Former American craft brewery

Portland Brewing Company was a brewery in Portland, Oregon. A pioneer in Portland's early craft brewing scene, it was known as MacTarnahan's Brewing Company from 2004 to 2013 before resuming its original name. It was closed by the Costa Rican company that owned it, Florida Ice & Farm Co., in early 2021.

==History==
Portland Brewing Company was founded in 1986 by Fred Bowman, Art Larrance and Jim Goodwin; Shareholder Robert Malcolm "Mac" MacTarnahan invested $25,000 and was a major backer of the company. In 1992 the brewery named a beer in his honor, MacTarnahan’s Amber Ale, which quickly became their flagship. MacTarnahan rescued the company from financial straits in 1998 by buying $3.5 million in debt in exchange for stock; as a result Portland Brewing began using MacTarnahan's labeling. Portland Brewing Company merged with Saxer Brewing Company of Lake Oswego in 2000.
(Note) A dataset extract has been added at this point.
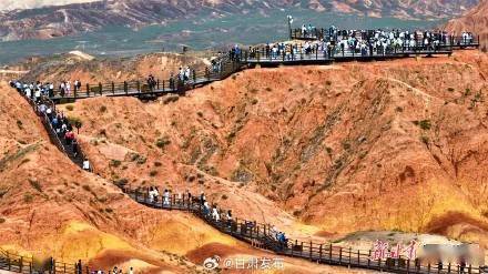 近日,张掖七彩丹霞旅游景区内游人如织,全国各地的游客纷至沓来,欣赏以地貌色彩艳丽、层理交错、气势磅礴、场面壮观而称奇的独特丹霞地貌,领略西北壮美景色。近年来,张掖七彩丹霞旅游景区坚持高起点规划、高标准建设、标准化运营、高强度宣传,积极创建世界级旅游景区,叫响了中国彩虹山、全国最佳低空旅游目的地文旅品牌。(新甘肃·每日甘肃网通讯员殷旭 张凌龙 摄影报道)

In 2004, MacTarnahan, then 88 years old, sold the company to Pyramid Breweries of Seattle. The Portland Brewing facility was renamed MacTarnahan's Brewing Company, and continued its operation and product line. MacTarnahan died later that year. In 2008 Pyramid itself was acquired by Magic Hat Brewing Company. This was subsequently bought by North American Breweries of Rochester, New York, in 2010 and by Costa Rican company Florida Ice & Farm Co. in 2012. In 2013 the brewery announced it would return to the Portland Brewing Company name.

On January 8, 2021, Portland Brewing Company announced that the brewery would cease all operations.

==Beers==
Beers made by Portland Brewing have won many awards over the years, including gold medals at the Great American Beer Festival, gold, silver, and bronze medals at the World Beer Championships, and a silver medal at the world beer cup in 2016. Beers made by Portland Brewing include MacTarnahan's Amber Ale, Noble Scot Scottish style ale, and BlackWatch Cream Porter.

===Governator Ale===

Governator Ale was an American Extra special bitter made in 2004 to commemorate the election of Arnold Schwarzenegger as Governor of California. The product was discontinued shortly after its introduction in response to complaints from Schwarzenegger's attorneys.

Jerome Chicvara, then CEO of Portland Brewing Co., had the idea of producing beer as a "tribute" to Schwarzenegger, while joking with his children and their friends. The name 'Governator' is a popular humorous portmanteau alluding to the seeming disparity between Schwarzenegger's former signature role as the violent robotic Terminator character in the film franchise of that name on the one hand, and politician on the other. The CEO commented that unlike other novelty beers, it was designed as a quality product, not a "girl-man beer".

The Oregon brewery obtained federal approval for its liquor label (a requirement in the United States), produced 3,200 cases of 22-ounce bottles, and began distributing the beer to stores in the California market. The label, which identified the maker as the fictitious "Pumping Iron Brewing", was designed as a generic-looking male bodybuilder viewed from behind, without including Schwarzenegger's actual likeness. Nevertheless, Schwarzenegger's lawyers, who had been looking for unauthorized exploitation of what they considered the governor's right of publicity, objected and demanded that production cease. In response, the brewery, which had recently been purchased by Pyramid Breweries, Inc., stopped making the beer in early 2004.